Berita tentang Indonesia

Konsekuensi mengerikan dari perubahan iklim: WMO memperingatkan krisis air global

Perubahan iklim bertanggung jawab atas fakta bahwa semakin banyak banjir yang menghancurkan di satu sisi dan kekurangan air minum di sisi lain. Hanya sedikit negara yang mau mengendalikan krisis ini. Demikian kesimpulan analisis Organisasi Cuaca Dunia (WMO). “Kita harus bangun dan menghadapi krisis air yang akan datang,” kata Sekretaris Jenderal WMO Petteri Taalas, Selasa di Jenewa.

Lebih dari dua kali lipat jumlah banjir

Perubahan iklim memperburuk keduanya: di satu sisi, ada lebih banyak dan lebih banyak lagi banjir yang luar biasa dahsyat seperti yang terjadi baru-baru ini di Rhine-Westphalia Utara dan Rhineland-Palatinate, serta di Jepang, Cina, Indonesia, Nepal, Pakistan, dan India.
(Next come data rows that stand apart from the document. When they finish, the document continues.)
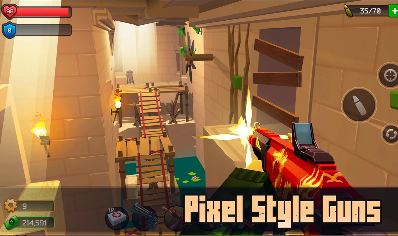 3. 清新简约的像素卡通画风,视觉体验舒适,搭配逼真物理效果,使射击战斗更精彩。
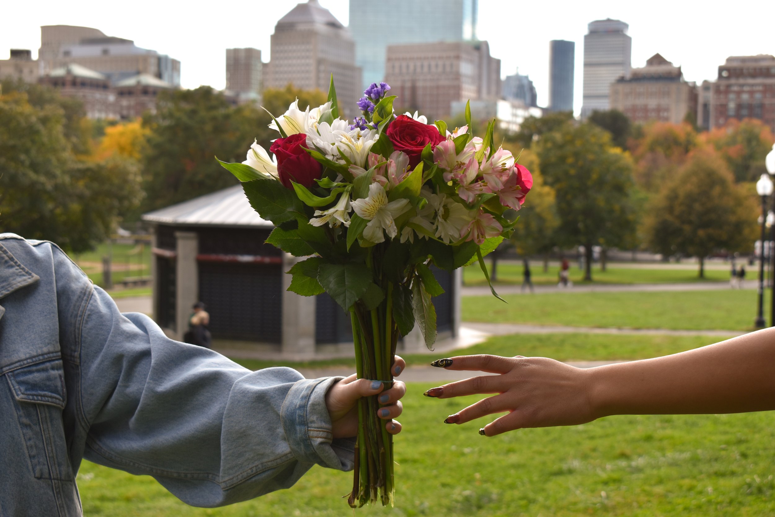 One of the more positive songs on the EP, “id pick up flowers,” discusses this ideal world with someone he loves, and about how he would pick up flowers for them. The color of the flowers against the more drab cityscape is intended to show the difference between what is and what could have been. The hand reaching out but not quite grabbing the bouquet is also meant to add to that feeling of longing, which otherwise shines through the lyrics. Many lines include yearning language like “would,” like in the lines “You would never need to” and “I’d surprise you in your living room,” both of which highlight how he wishes things could be.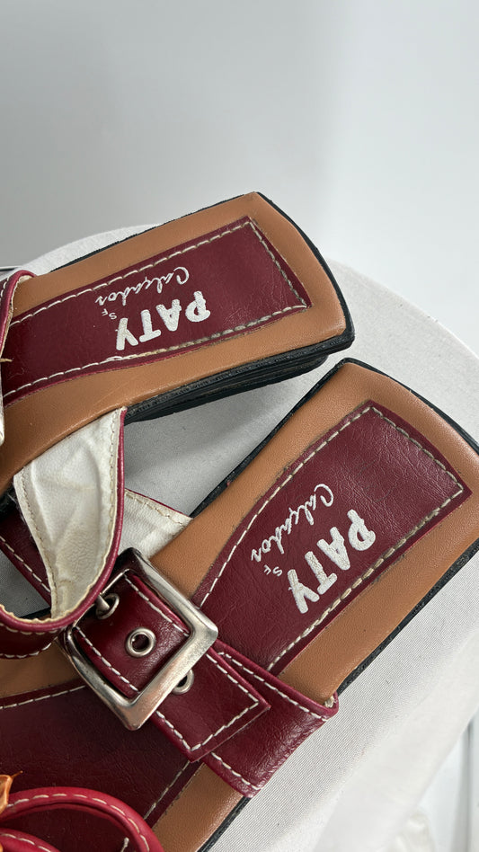 Vintage Burgundy Leather, Square Toe, Made in Brazil Sandals with Metal Buckle Strap (36)

Jumlah bencana banjir telah meningkat sebesar 134 persen di seluruh dunia sejak tahun 2000, dibandingkan dengan 20 tahun sebelumnya.

Dua miliar orang tidak memiliki air minum bersih

Di sisi lain, suhu yang lebih tinggi berarti lebih sedikit curah hujan di beberapa daerah, terutama di Afrika. Jumlah kekeringan naik 29 persen selama periode yang sama. “Dua miliar orang tinggal di negara-negara dengan masalah air dan tidak memiliki akses ke air minum bersih atau sanitasi,” kata Taalas.

Menurut laporan tersebut, sekitar 3,6 miliar orang di seluruh dunia tidak memiliki cukup air setidaknya selama satu bulan pada tahun 2018. Jumlah tersebut akan meningkat menjadi lebih dari 5 miliar pada tahun 2050. Pada saat itu, jumlah itu lebih dari setengah dari 9,7 miliar orang. di bumi, diprediksi oleh PBB.

Air juga langka di Mediterania

Peta dunia WMO menunjukkan wilayah yang mengalami kelangkaan air: ini termasuk Mediterania dan Afrika Utara, Amerika Serikat bagian barat dengan California, pantai barat Amerika Selatan dengan Peru dan Chili, wilayah sub-Sahara Sahel di Afrika, Timur Tengah dengan Arab Saudi, Iran dan sebagian besar Asia Selatan dan Timur.

READ  Mobil elektronik: sengketa penambangan mineral di laut

Dalam 20 tahun terakhir, reservoir air dunia – yaitu, danau, cekungan, dan air tanah serta kelembaban tanah, salju dan es – telah berkurang secara signifikan setiap tahun. Kerugian terbesar diukur di Antartika dan Greenland.

Terlepas dari angka yang mengkhawatirkan ini, sumber daya air tidak dikelola dengan baik di lebih dari 100 negara, menurut Organisasi Meteorologi Dunia. Peramalan tingkat banjir dan kekeringan harus terus diukur. Salah satu tujuan pembangunan PBB adalah pada tahun 2030 setiap orang akan memiliki air minum bersih dan sanitasi. Untuk mencapai ini, upaya harus empat kali lipat.